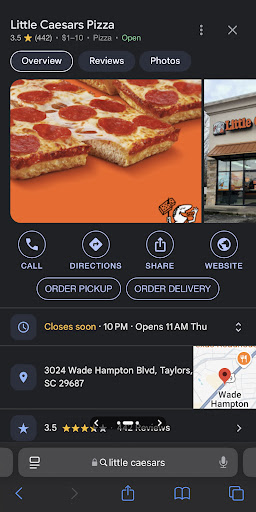 Ā Ā Ā Read moreI don't ordinarily do this, but--DO NOT patronize the Little Caesar's of Greer. We and a whole line of cars were left waiting in the drive thru for over twenty minutes tonight without even being acknowledged, much less ordering. I went inside and stood in line, and asked what the problem was. "It's just moving slowly." "But....none of us have even been acknowledged, or allowed to place an order." Staff member: shrug "Okay...I need this and this, and some crazy bread." "You're looking at twenty five minutes." "What about for my crazy bread?" "Shrug We don't have any." "You know what... I'm going across the street." "Shrug Okay!" This was with a CROWD of people working in the kitchen and counter area.
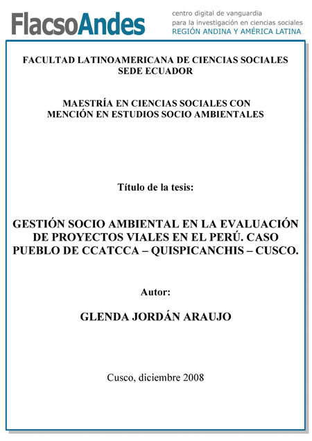 Jordán Araujo, Glenda (2008). Gestión socio ambiental en la evaluación de proyectos viales en el Perú. Caso: Pueblo de Ccatcca - Quispicanchis - Cusco. Maestría en Ciencias Sociales con mención en Estudios Socio Ambientales, FLACSO Sede Ecuador. Quito. 118 p.
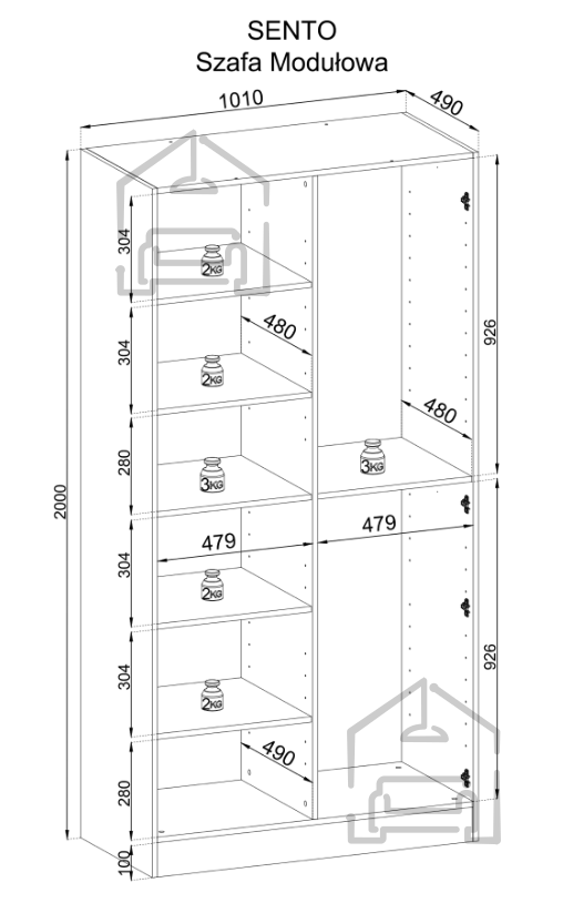 Dimenzije: 1010x2000x510 mm Ohišje in stranice garderobne omare so narejene iz 16 mm laminirane plošče, ki je odporna na vlago in praske.

Your assignment: Return the listing above in full and without alteration, excluding its pictures.

Output of the exercise:
 Ā Ā Ā Read moreI don't ordinarily do this, but--DO NOT patronize the Little Caesar's of Greer. We and a whole line of cars were left waiting in the drive thru for over twenty minutes tonight without even being acknowledged, much less ordering. I went inside and stood in line, and asked what the problem was. "It's just moving slowly." "But....none of us have even been acknowledged, or allowed to place an order." Staff member: shrug "Okay...I need this and this, and some crazy bread." "You're looking at twenty five minutes." "What about for my crazy bread?" "Shrug We don't have any." "You know what... I'm going across the street." "Shrug Okay!" This was with a CROWD of people working in the kitchen and counter area.
 Jordán Araujo, Glenda (2008). Gestión socio ambiental en la evaluación de proyectos viales en el Perú. Caso: Pueblo de Ccatcca - Quispicanchis - Cusco. Maestría en Ciencias Sociales con mención en Estudios Socio Ambientales, FLACSO Sede Ecuador. Quito. 118 p.
 Dimenzije: 1010x2000x510 mm Ohišje in stranice garderobne omare so narejene iz 16 mm laminirane plošče, ki je odporna na vlago in praske.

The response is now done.